Vollends verwirrend wird die Geschichte, als eine neue Figur auftaucht, Lars Gustav Selén, für den man keinen Platz in Leonards Gefolge findet, auch er liebt eine Frau namens Carla, und er schreibt zur Zeit ein Buch, in dem er seine Erinnerungen mit der Wirklichkeit zu verquicken scheint.

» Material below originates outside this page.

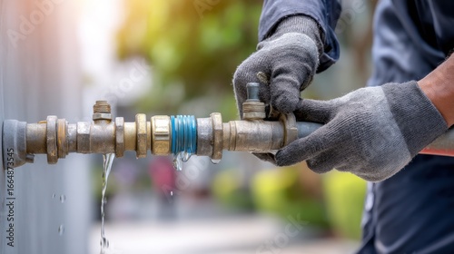 repair, plumbing, water, pipe, fitting, leak, dripping, hand, glove, metal, tool, maintenance, waterproofing, construction, repairman, home improvement, closeup, repairing, fixing, leaking, technician, professional, water supply, installation, connection, daytime, sunshine, daylight, manual labor, copy space, isolated

Jedes Mal, wenn man als Leser glaubt, einen Puzzlestein entdeckt und ihm seinen Platz zugewiesen zu haben, fegt die nächste Szene das ganze Bild zusammen, und man bleibt verständnislos zurück.
Gleichzeitig und nebeneinander entwickeln sich nun die letzten Vorbereitungen von Leonards Feier und Lars Gustavs Recherchen zu seinem Buch, das in London spielt, und man fühlt sich endlich mitten im Geschehen.
Erst die Pointe – kein Überraschungseffekt, sondern eine Wendung, zu der der Leser hingeführt wird – offenbart Nesser Vorgehen: Er arbeitet auf verschiedenen Ebenen mit Fiktion und Wirklichkeit, er setzt die Metaebene auf dieselbe Stufe wie die Tatsachenebene und inszeniert eine real unmögliche Durchlässigkeit.
Auch wenn er hiermit großes Können beweist, kann die Pointe nicht darüber hinwegtrösten, dass sich längere Passagen nur mühsam lesen lassen, weil sie fast ausschließlich aus Reflexionen der Figuren bestehen, die zum Teil für den Fortgang uninteressant sind oder den Handlungsfluss lähmen.
Auch wenn dem Serienmörder am Ende eine entscheidende Funktion zukommt: Von den Ermittlungen gegen ihn oder seiner Entlarvung erzählt das Buch nichts.
Fazit:
Ein hochkomplexer, am Ende genial durchdachter Roman mit zu vielen langatmigen Passagen, der konzentriertes, geduldiges Lesen verlangt.